Der Höhepunkt des Abends ist gleichzeitig sein Dilemma: Will man diese "wahnsinnig berühmte Szene mit dem Apfel auf dem Kopf" wirklich zeigen? Und ist es korrekt, einen kleinen Jungen, nein: eine Holzpuppe, als Zielscheibe zu missbrauchen? Das Publikum soll abstimmen und entscheidet sich erwartungsgemäß für die actiongeladene Variante mit tödlichem Ausgang. "Schluss jetzt, Schuss jetzt!", kommandiert der Reichsvogt und zwingt Tell sogar zum Gewehr, denn "Mit der Armbrust kann's ja jeder!". Der Apfel fällt, der Reichsvogt wird von Tell erwürgt und die siegreichen Hirten formieren sich Fahne schwenkend mit ihren Waffen auf dem Berggipfel. Im Schlussbild schlagen sie noch einmal alle die Trommeln.

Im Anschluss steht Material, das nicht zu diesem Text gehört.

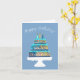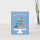 Send stylish birthday wishes with this modern greeting card featuring a beautifully illustrated three-tiered cake on a crisp white cake stand. The cake design showcases rich blues, aquas, and golden tones with artistic detailing, all set against a soft blue background. The white “Happy Birthday!” script adds an elegant finishing touch to the front of the card.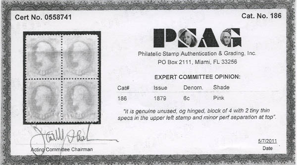 1879, 6¢ Lincoln, pink, A.B.N.C. printing (Scott 186), beau. Scott $900.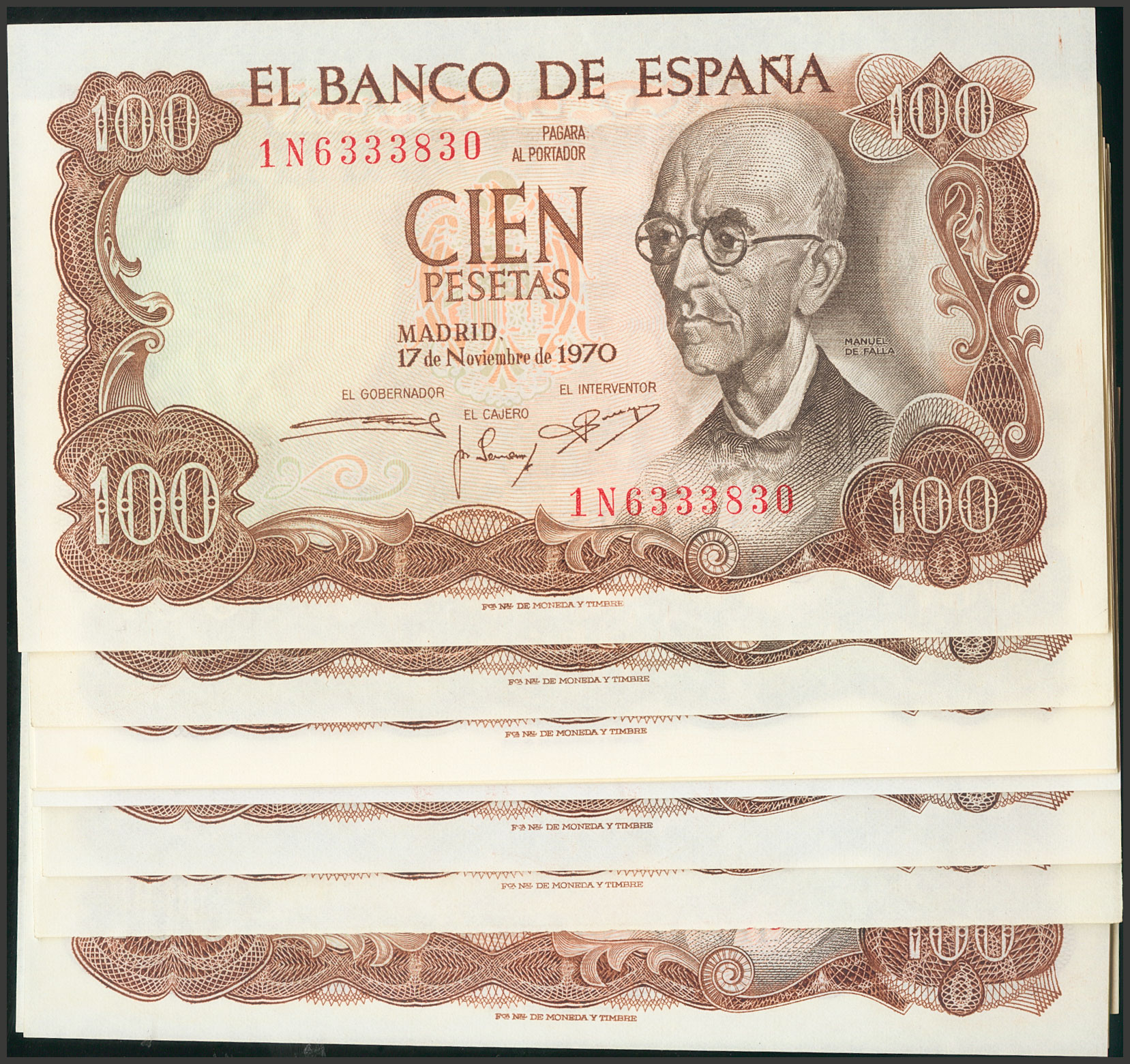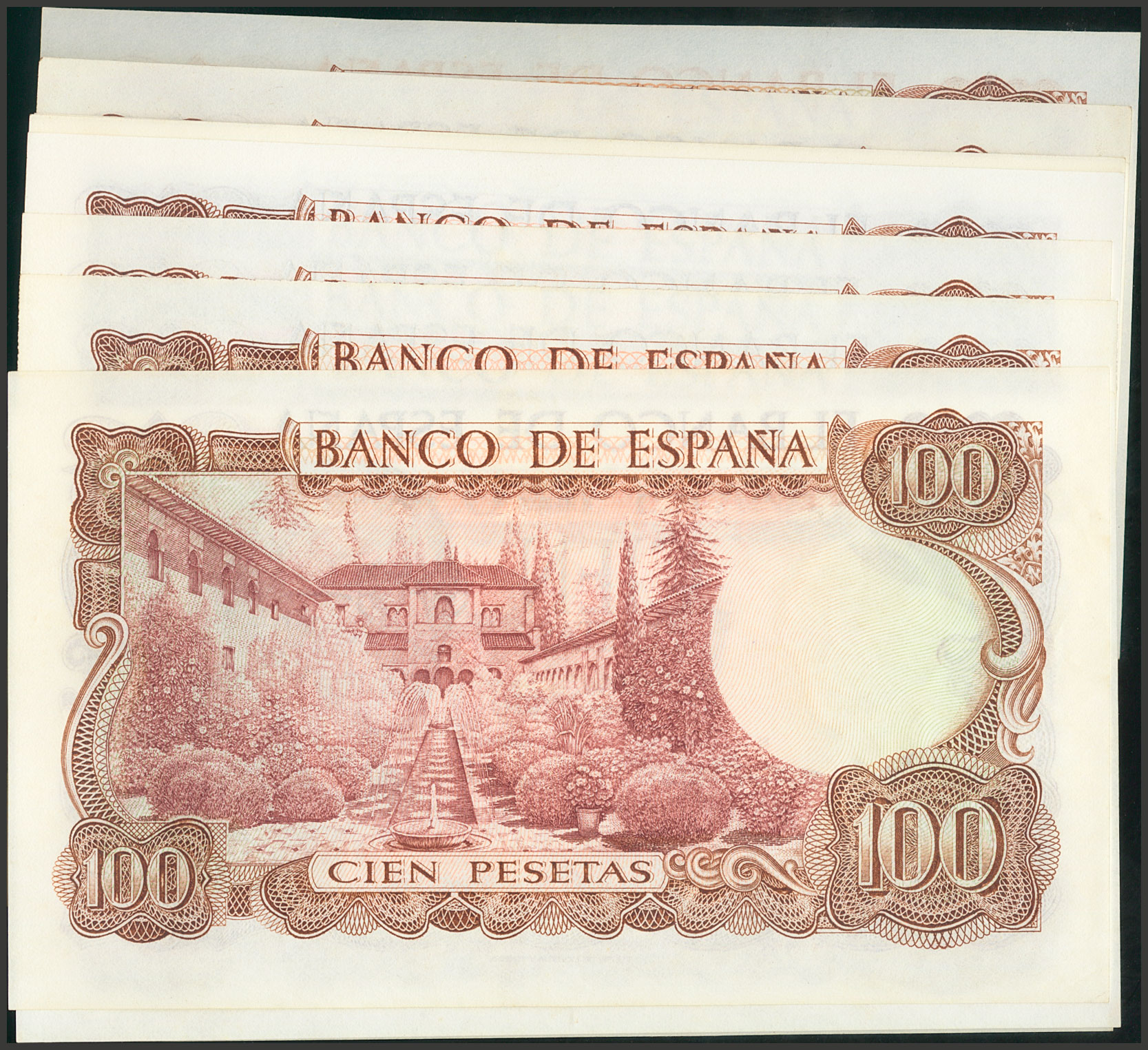 English Set of 12 100 Pesetas banknotes, issued on November 17, 1970, with different series 1N, 2S, 5A, 5I, 5V, 5Z, 6Q, 6S, 6V, 7C, 7D and 7F (Edifil 2017: 472c), with its original size. Uncirculated/ Almost Uncirculated.

wilhelmtell 560 andreaskoehring uIm Trachtenlook vor Bergkulisse: Wolf Gerlach, Gabriella Weber, Thomas Schweiberer, Boris Schwiebert, Matthias Horn. © Andreas Köhring

Dieser leichtfüßige Abend erzählt die krude Story von "Wilhelm Tell" klar und nachvollziehbar und zeigt sie als Versuchsanordnung einer gewaltfreien Revolution. Fabians rücksichtslos-philosophischer Zugriff auf den Originaltext steht dabei in der langjährigen künstlerischen Tradition des Theaters an der Ruhr mit seinen tiefen Bohrungen nach heiklen Themen und schwer zugänglichen Stoffen. Dem Regisseur und seinem starken Schauspielensemble gelingt es, Lust auf mehr "Wilhelm Tell" zu machen und das entlegene Stück zu einer Erklärungshilfe für aktuelle Ereignisse heranzuziehen.

 

Wilhelm Tell
nach Friedrich Schiller
Regie und Bühne: Jo Fabian, Kostüm: Jo Fabian/Katharina Lautsch, Dramaturgie: Sven Schlötcke, Licht und Video: Jochen Jahncke, Musikalische Einrichtung: Lars Neugebauer, Puppenbau: Katharina Lautsch.
Mit: Wolf Gerlach, Thomas Schweiberer, Gabriella Weber, Denis Schmidt, Annegret Thiemann, Matthias Horn, Boris Schwiebert, Marco Leibnitz.
Dauer: 1 Stunde 30 Minuten, keine Pause

www.theater-an-der-ruhr.de

 

Kritikenrundschau

"Jo Fabian ist es trefflich gelungen, den Stoff von Friedrich Schillers letztem vollendeten Drama (1804) restlos zu entstauben und daraus eine für junge Sehgewohnheiten frische Inszenierung zu machen", schreibt Margitta Ulbricht auf Der Westen, dem Internetportal der Westdeutschen Allgemeinen Zeitung (1.5.2014). Auf höchst ästhetische Art sei ein Sittengemälde mit deftigen Momenten entstanden. "Ein toller Abend voller witziger und spritziger Ideen, der nicht zuletzt dem spielfreudigen Ensemble zu verdanken ist."

"Insgesamt eine unterhaltsame und gelungene Entzauberung eines Klassikers", meint Steffen Tost in der NRZ (5.5.2014). Die Geschichte werde als Mythos entlarvt, den man hinterfragen muss. "Die originellen Einfälle sind das Kapital der Inszenierung von Jo Fabian." Die Streichungen am Ende findet Tost "klug und richtig". Jo Fabian nehme sein junges Publikum ernst. "Er bietet ihnen eine Fülle von Reizen, Anknüpfungs- punkte an ihre Welt, so dass sie der 90-minütigen Aufführung tatsächlich gebannt folgen."